Theres a reason for the U.S. Patent and Trademark Office. It was created to foster invention by rewarding inventors for their time and trouble by granting temporary monopoly protection for the fruits of their labor. The net result is a benefit to society: Rewarding inventors tends to bring about more invention and economic productivity.
Because patent applications mandate disclosure, the patent process has social advantages over trade-secret alternatives. However, if a given law or enforcement pattern of a law—including patent law—results in harm to society, then its time to change the laws. Patents on software carry the potential of harm to the software industry and thereby to the economy. Equally problematic are the so-called method patents, or patents on application behavior, such as Amazons famous—or infamous—one-click patent.
How dangerous are software patents? Information Builders President and CEO Gerald Cohen warned eWEEK editors that the presence of patents is a scourge to the industry. Cohen has seen much innovation in a patent-free climate. Now he and other software leaders are being threatened with lawsuits. Software companies need to create software, which, after all, often has a short shelf life. They do not need to spend precious resources hiring expensive attorneys. Copyright protection should be enough. A copyright protects original expression; its existence encourages software developers to seek new ways of presenting function to users and of streamlining integration behind the scenes.
If patents for software are generally not a good idea, patents are out of bounds when it comes to standard protocols, such as those that underpin the World Wide Web. Keeping the Web patent-free prevents it from becoming a hunting ground for those seeking royalties on some of the most widely used software.
There are encouraging developments, however. The World Wide Web Consortiums forthright stand on the issue sets an excellent example. The W3Cs intent has been known for a while, but only last month did the organization issue a formal policy statement banning patented technologies from its standards.
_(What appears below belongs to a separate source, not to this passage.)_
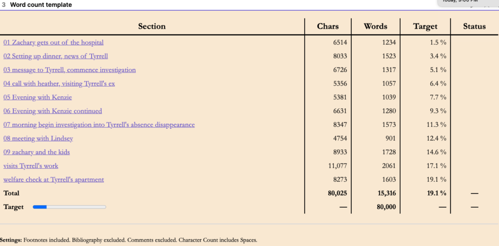 I have also added a link at the bottom of the template to an Excel spreadsheet where I paste my daily total so that I can track my targets/completed words.

In addition, some unjustified patents have been thrown out. For example, British Telecom claimed every organization using Web hyperlinks would need to license a patent the U.S. PTO issued it in 1989. Last year, it lost its test lawsuit against Prodigy Communications when U.S. District Judge Colleen McMahon ruled that the patent didnt apply to hyperlinks. In addition, three patents covering client/server computing as a whole were ruled invalid by the courts in mid-2002 because the technology described was in public use before the patent application was filed.
Thus, there are signs that a rational approach to software patents is gaining momentum. Still, the PTO needs to do more to raise the bar for software patents. If they are to be granted , software patents ought to be extremely rare indeed.